Volgens het Verslag moet de onderneming die de bis variant toepast “per maand één correctiefactor berekenen die geldt voor de gehele onderneming”. Er wordt daarbij het voorbeeld gegeven van een onderneming met twee afdelingen waarvan de omvang van het werk asymmetrisch is verdeeld over de opeenvolgende ploegen. In zo’n geval wordt er dan een gewogen gemiddelde berekend voor deze twee afdelingen.
Het is slechts wanneer de bezoldigingen tussen beide departementen zouden verschillen dat dit relevant zou zijn in vergelijking met een coëfficiënt per departement.
Belangrijk is dat de ondernemingsbrede correctiecoëfficiënt zo moet worden gelezen dat dit een globale correctiecoëfficiënt is voor alle opeenvolgende ploegen die werken volgens de bis variant. Het lijkt daarnaast mogelijk dat voor andere opeenvolgende ploegen de klassieke vrijstelling van toepassing is (en blijft).

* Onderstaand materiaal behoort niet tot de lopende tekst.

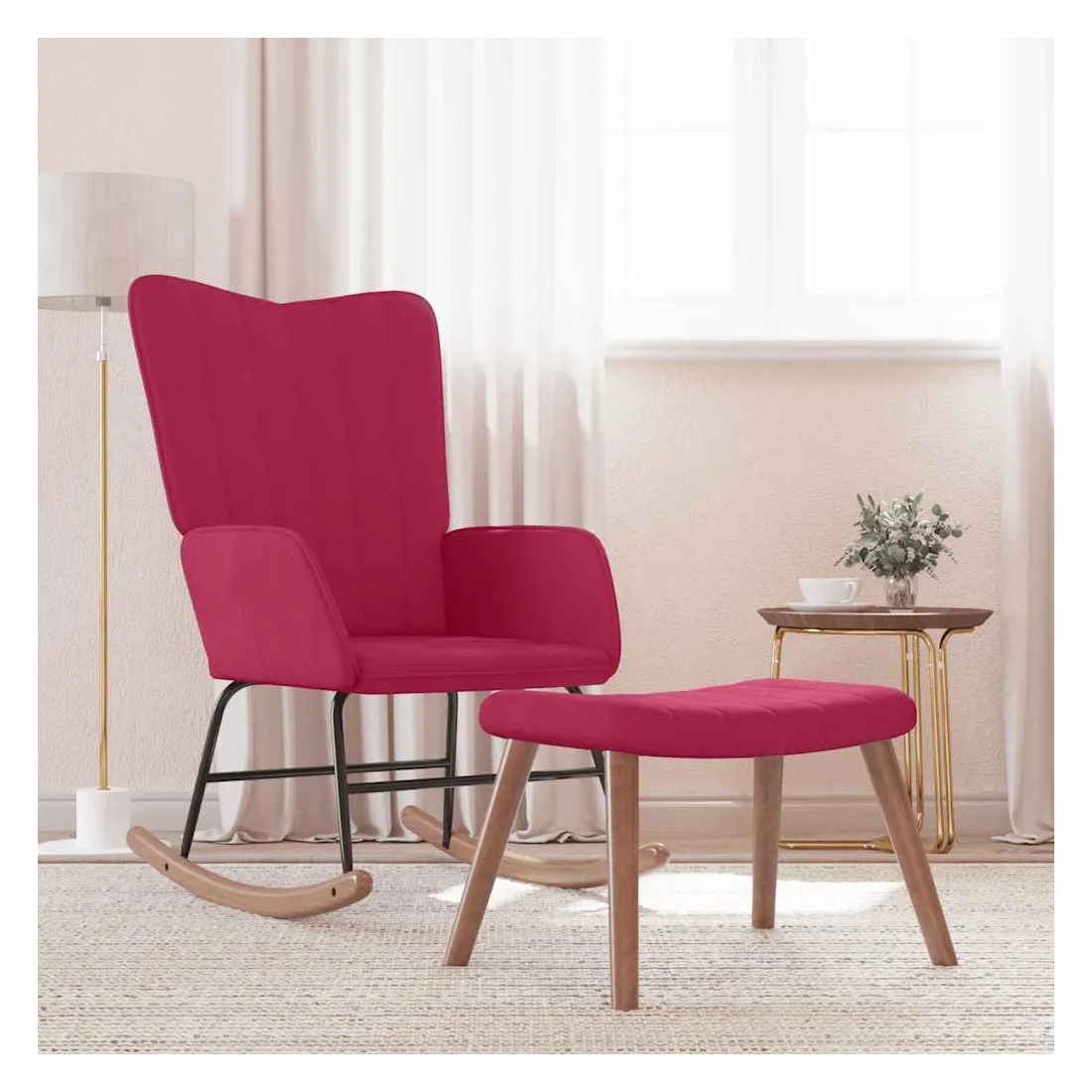 Cette chaise à bascule avec tabouret est un excellent supplément à votre décor existant. Ce fauteuil, avec quelques lignes sur son dossier, est esthétique. Grâce à sa mousse rembourrée recouverte de velours doux au toucher, vous pourrez profiter d'un confort optimal pendant votre temps d'assise. Avec la conception de longs rails à bascule, la chaise de relaxation ne basculera pas facilement. Soutenue par un cadre et des pieds en acier, ainsi que par des rails à bascule en bois, la chaise de salon avec repose-pied est stable et durable.
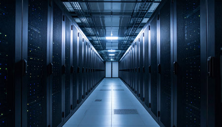 A view down a long, symmetrical corridor in a state-of-the-art data center. Rows of glowing server racks hum with processing power, illuminated by cool blue light.
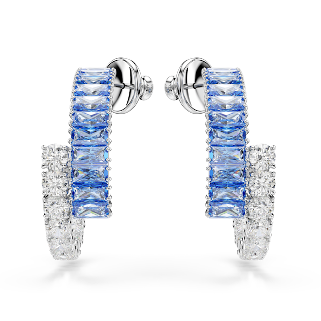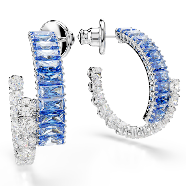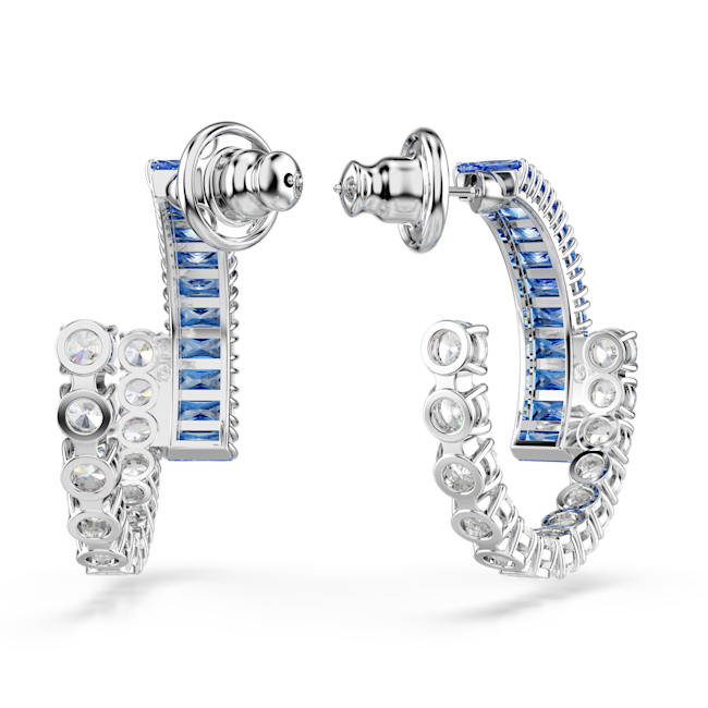 Swarovski Matrix Hoop Earrings Blue Mixed Cuts Rhodium by Swarovski elevate your elegance with radiant blue crystals, designed for standout evening looks.

Tot slot wordt de berekeningsbasis waarop de correctiecoëfficiënt moet worden toegepast in het Verslag en KB/WIB 92 vastgelegd. Het KB/WIB 92 voorzag voor de klassieke vrijstellingen al in de beperking van het bedrag van de vrijstelling tot het lagere bedrag van enerzijds 22,8% of 25% van de kwalificerende en in aanmerking komende bezoldigingen (d.i. de theoretische vrijstelling) en anderzijds het bedrag van de op die bezoldigingen effectief ingehouden bedrijfsvoorheffing.
In het Verslag bij het KB van 20 december 2024 wordt nu verduidelijkt dat bij toepassing van de bis variant tevens het lagere bedrag van deze toetsing als berekeningsbasis geldt. Dat betekent dat de correctiecoëfficiënt moet worden toegepast op het lagere bedrag van enerzijds 22.8% of 25% op de kwalificerende bezoldigingen en anderzijds de effectief ingehouden bedrijfsvoorheffing op dekwalificerende bezoldigingen. Dit wordt gemotiveerd doordat “de wetgever duidelijk tot doel had om het voordeel van de vrijstelling van doorstorting van bedrijfsvoorheffing voor ploegenarbeid verhoudingsgewijs te verminderen in de mate van de afwijking op de omvang van het werk van de elkaar opeenvolgende ploegen”.
Indien de effectief ingehouden bedrijfsvoorheffing lager is dan de theoretische vrijstelling, is het aldus het laagste bedrag, in casu de werkelijk ingehouden bedrijfsvoorheffing, dat wordt verminderd met de correctiecoëfficiënt. Deze verduidelijking kan mogelijk een belangrijke impact hebben op de te genieten vrijstelling.
In het Verslag staat overigens dat de fiscale administratie in een circulaire of in een FAQ aan de hand van andere voorbeelden nog zal verduidelijken op welke wijze de correctiecoëfficiënt in bepaalde specifieke gevallen berekend moet worden. Of het toepassingsgebied van de circulaire of FAQ daartoe beperkt zal blijven, dan wel ook andere aspecten van de vrijstelling zal behandelen, is nog niet duidelijk.